Shares of Apogee Therapeutics (NASDAQ:APGE) jumped 15% on Monday after the company reported positive 52-week results from Part A of its Phase 2 APEX study evaluating zumilokibart (APG777) in patients with moderate-to-severe atopic dermatitis.
The data showed that treatment responses were maintained through 52 weeks with both quarterly and twice-yearly dosing schedules. Among patients who responded by week 16, 75% maintained EASI-75 with dosing every three months, while 85% maintained the same response level with dosing every six months. In addition, 86% and 78% of week-16 responders sustained vIGA 0/1 scores under the three-month and six-month regimens, respectively.
Apogee said patients across the full study population initially assigned to zumilokibart experienced deeper improvements across multiple lesion and itch-related measures under both dosing schedules. The treatment was generally well tolerated, with a safety profile largely consistent with other therapies in the same class.
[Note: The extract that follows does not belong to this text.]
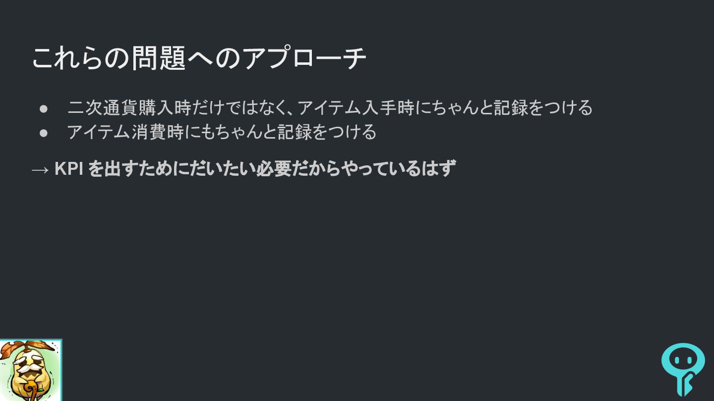 これらの問題へのアプローチ • 二次通貨購入時だけではなく、アイテム入手時にちゃんと記録をつける • アイテム消費時にもちゃんと記録をつける → KPI を出すためにだいたい必要だからやっているはず
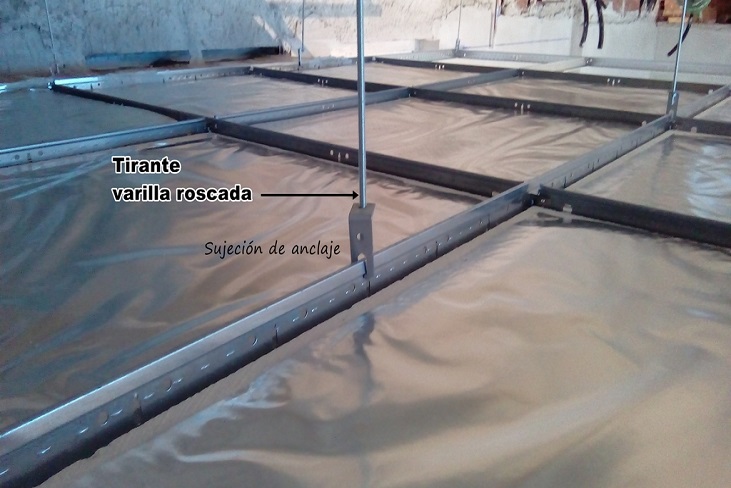 sobre una estructura de perfiles metálicos unidos entre sí mediante un sistema de click que permite ser desmontado en cualquier punto para facilitar el acceso a su

The maintenance phase of the study evaluated a 360 mg dose of zumilokibart administered at three-month and six-month intervals. The most frequently reported treatment-emergent adverse events included noninfective conjunctivitis, upper respiratory tract infection and nasopharyngitis.
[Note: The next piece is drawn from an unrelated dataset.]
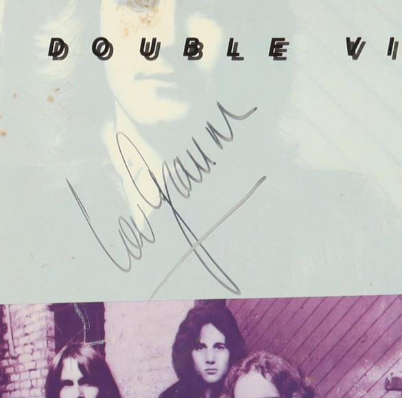Custom frame measures approximately 23" x 30" in size and features a Foreigner "Double Vision" vinyl album cover that has been hand-signed by Mick Jones & Lou Gramm.

The company expects to release 16-week induction data from Part B of the trial in the second quarter of 2026. Those results are expected to support the planned launch of Phase 3 studies for moderate-to-severe atopic dermatitis in the second half of 2026. Pending regulatory approval, Apogee anticipates a potential commercial launch of the therapy in 2029.
The new findings are scheduled to be presented in a late-breaking oral session at the 2026 American Academy of Dermatology Annual Meeting on March 28.
Zumilokibart is an anti-IL-13 antibody designed to reduce dosing frequency compared with existing treatments for atopic dermatitis, some of which can require up to 26 injections per year.